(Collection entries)
· · · · · · ·

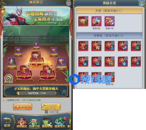 可自由选择自己想要的奖品,其中可以选择1个大奖、2个珍稀奖、5个普通奖;抽奖过程中可随时更换自己想要的奖励
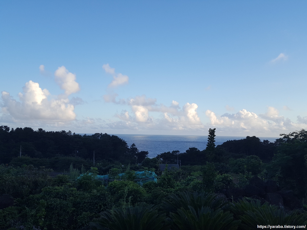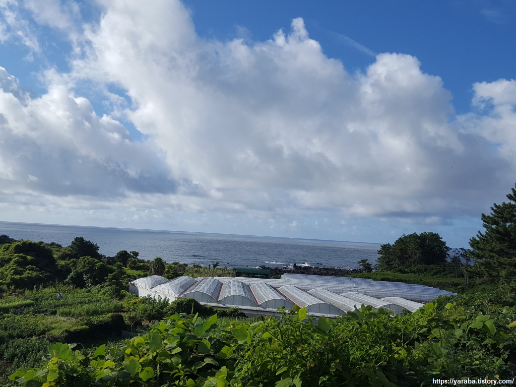 월평 아왜낭목 쉼터에서 잠시 숨을 고른 우리는 올레 8코스 초반에 있는 숙소를 향해서 부지런히 걸음을 옮긴다. 월평 마을에서 바라본 바다 풍경은 저녁 7시를 바라보는 시각이지만 흰구름은 여전히 석양에 빛나고 있다. 월평 하원로에서 약천사 쪽으로 좌회전한다.
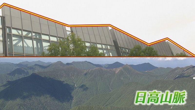 例えば、帯広駅の屋根を見てみると、ギザギザした形は十勝にもかかる日高山脈をイメージしているんだ。
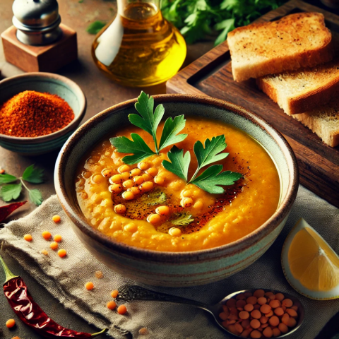 Sirve la sopa caliente, decorándola con un chorrito del aceite de chile preparado y espolvorea perejil fresco por encima. Puedes acompañarla con pan tostado o pan plano.
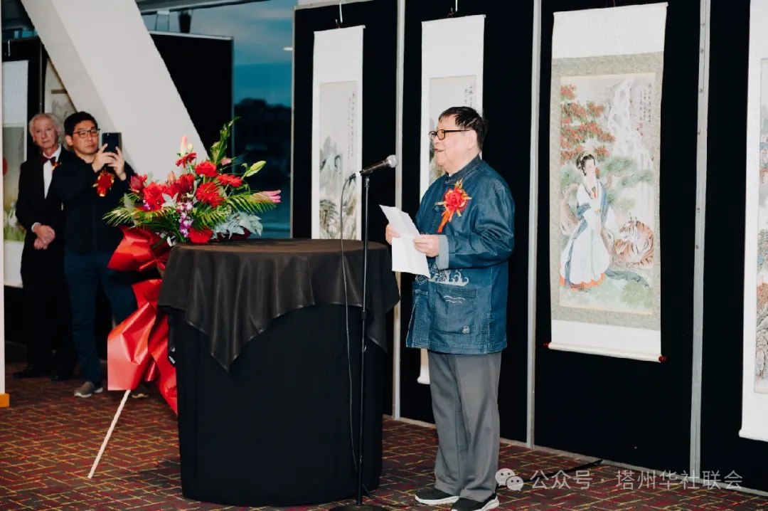 華聯會秘書長代表協會致辭歡迎到場的賓客們,徐哲秘書長引用當地說法,〝a picture worths a thousand words 〞一幅畫作勝過千言萬語,秦生老師不遠萬里帶來的上百幅書法畫作,用實際行動向世界展示中華傳統文化的深厚內涵,彰顯堅定的中華文化立場和文化自信;並向各位前來支援的表演團隊,佈展人員,社區志願者給予了認可和鳴謝,肯定了華人社區團結的力量可以戰勝任何挑戰,更呼應了塔州華聯會成立之初的宗旨〝和諧,團結,互助,共尊〞,積極促進中澳兩國人民友誼,推動中澳兩國經濟文化交流,協助華人融入當地主流社會。
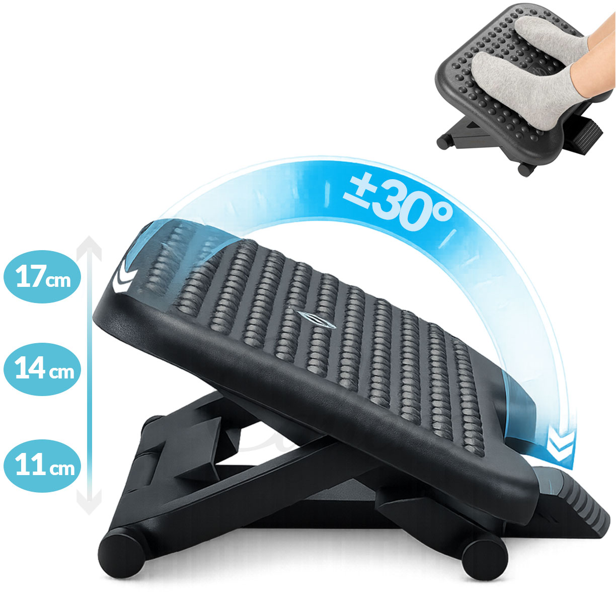 Suport picioare birou, suport ergonomic si reglabil pe 3 inaltimi, inclinare ±30°, negru, pentru acasa, birou, 46x35x11cm, Callena
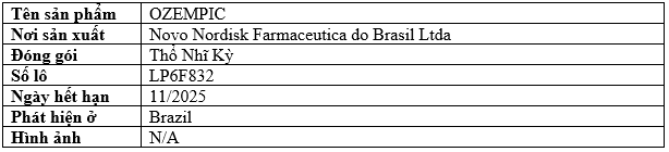 Nhà sản xuất chính hãng của OZEMPIC đã xác nhận rằng ba sản phẩm được đề cập trong Cảnh báo này là giả: các sản phẩm trình bày sai danh tính và nguồn gốc vì chúng không phải do Novo Nordisk sản xuất:
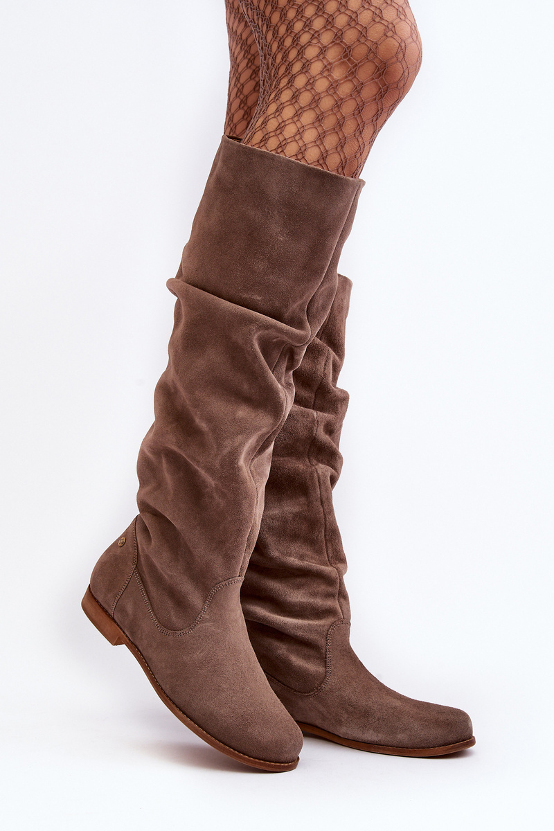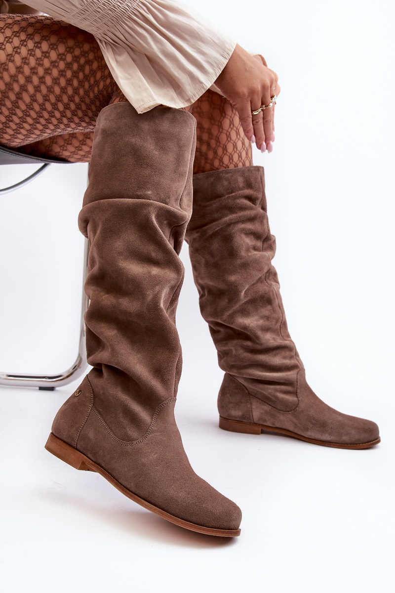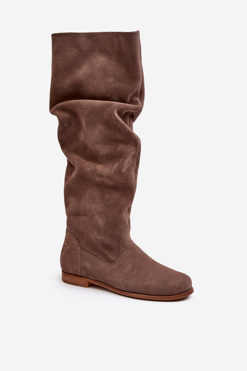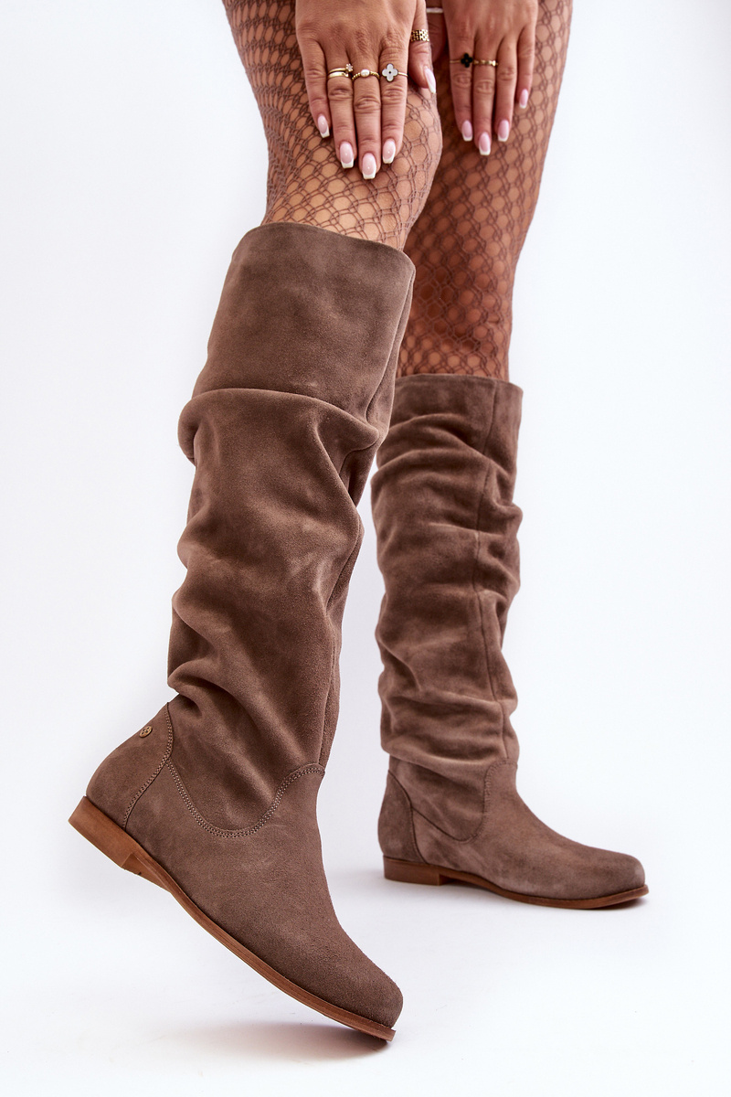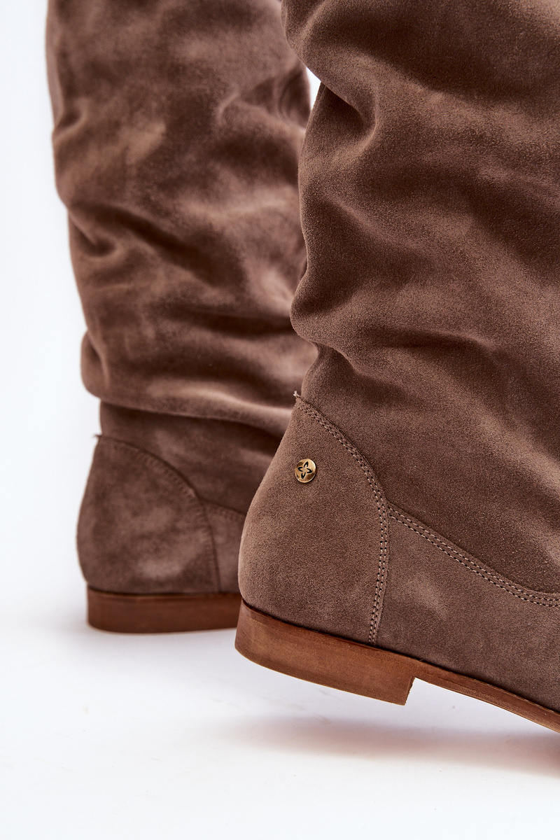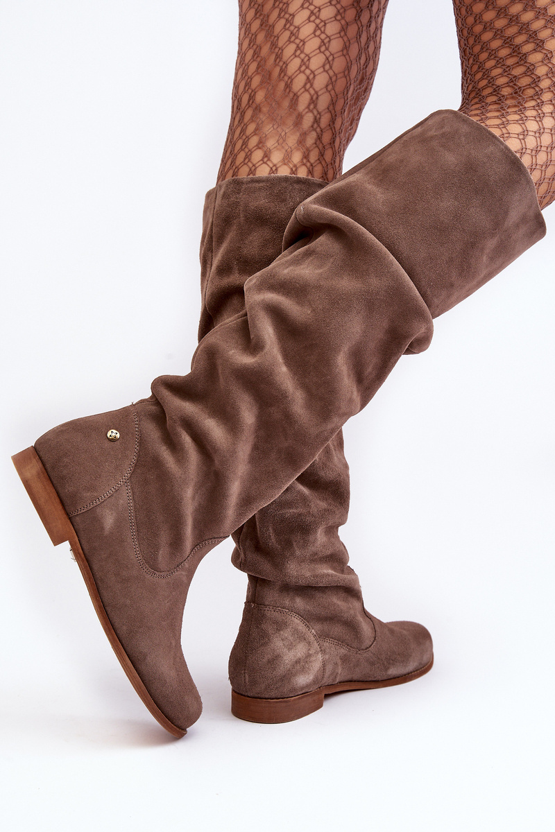 Women's Suede Boots To The Knee Maciejka 05790-04 Beige
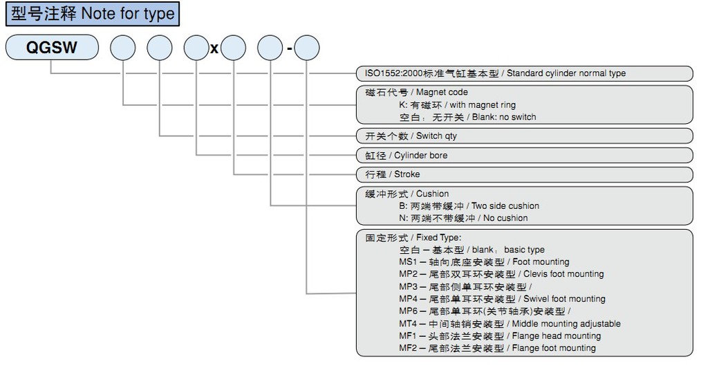 QGSW系列气缸是欧洲型轻型气缸,结构紧凑,安装形式和
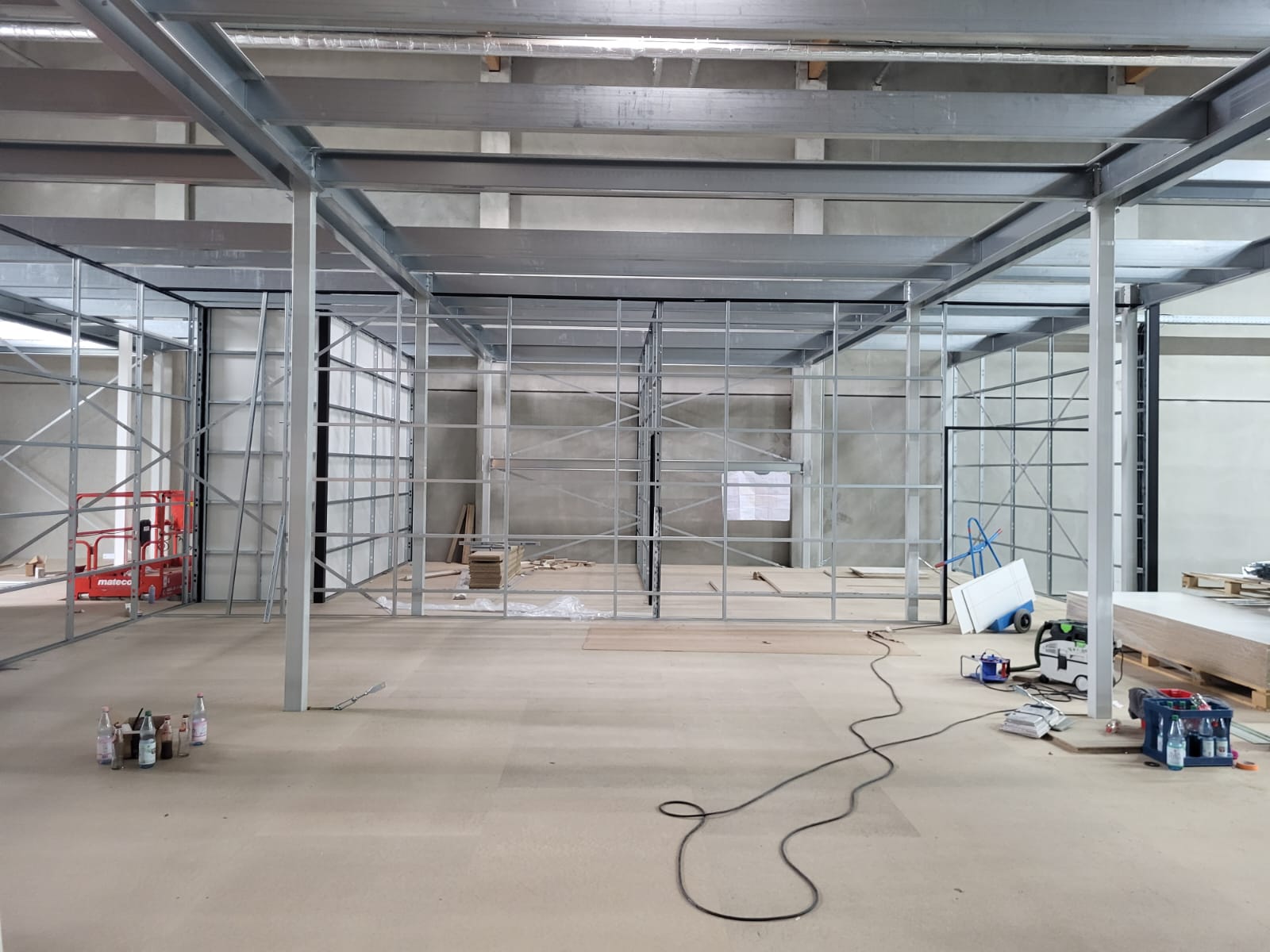 Wir arbeiten mit Hochdruck daran, eine beeindruckende zweigeschossige Büro- und Werkstattlandschaft zu schaffen, die unsere Erwartungen übertrifft!
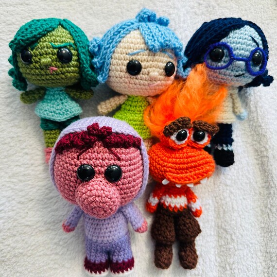 Inside Out Set of 5 Amigurumi Crochet Dolls Kids Gift Birthday for Movie Fans Disney Handmade Crochet Joy Sadness Anger Fear Disgust
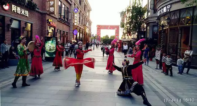 A Xinjiang girl dances gracefully in front of the Xinjiang Culture Restaurant on Han Street.
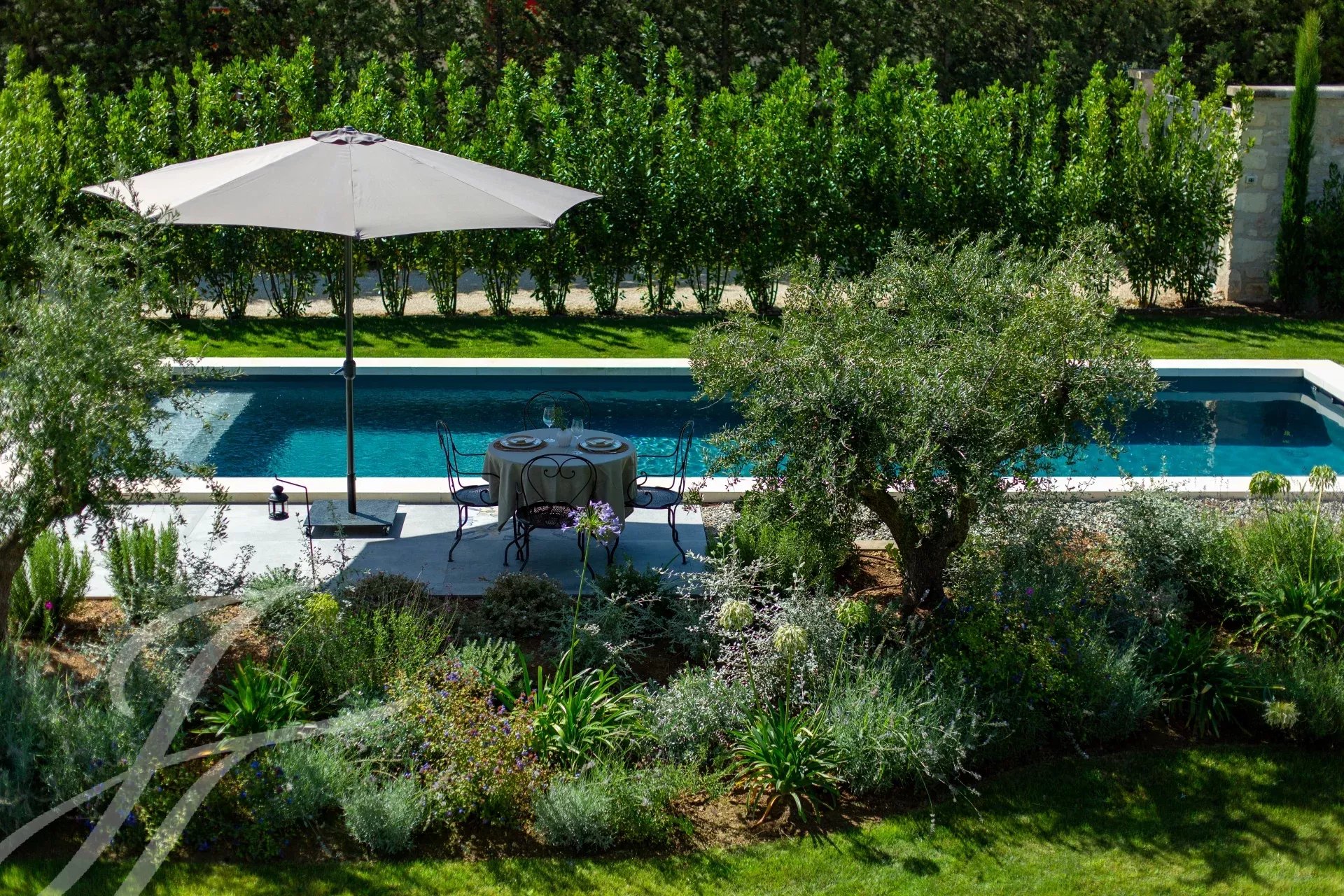 Numerous terraces, both covered and with arbors, allow you to lunch or dine in the shade, while a heated swimming pool blends harmoniously into the landscaped, bucolic garden. For parking, up to six vehicles can be parked without obstructing the view.
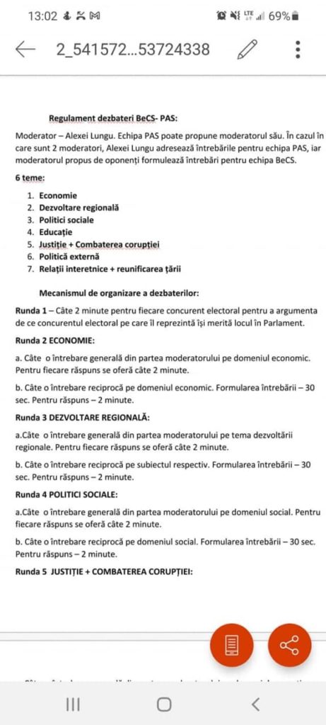 Blocul Comuniștilor și Socialiștilor a publicat Regulamentul pentru dezbaterea electorală cu PAS. Documentul a fost prezentat de către Vlad Batrîncea pe rețelele de socializare.
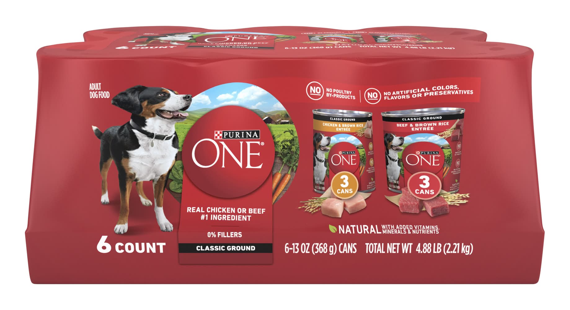 Purina One Classic Ground Chicken and Brown Rice Entrees Wet Dog Food, Adult (6 x 13 oz)

· · · · · · ·

Both boundary lines included, write out word for word only the lines above from the one containing "Nhà sản xuất" to the one containing "A Xinjiang girl", leaving out any pictures.

*Written solution:*
 Nhà sản xuất chính hãng của OZEMPIC đã xác nhận rằng ba sản phẩm được đề cập trong Cảnh báo này là giả: các sản phẩm trình bày sai danh tính và nguồn gốc vì chúng không phải do Novo Nordisk sản xuất:
 Women's Suede Boots To The Knee Maciejka 05790-04 Beige
 QGSW系列气缸是欧洲型轻型气缸,结构紧凑,安装形式和
 Wir arbeiten mit Hochdruck daran, eine beeindruckende zweigeschossige Büro- und Werkstattlandschaft zu schaffen, die unsere Erwartungen übertrifft!
 Inside Out Set of 5 Amigurumi Crochet Dolls Kids Gift Birthday for Movie Fans Disney Handmade Crochet Joy Sadness Anger Fear Disgust
 A Xinjiang girl dances gracefully in front of the Xinjiang Culture Restaurant on Han Street.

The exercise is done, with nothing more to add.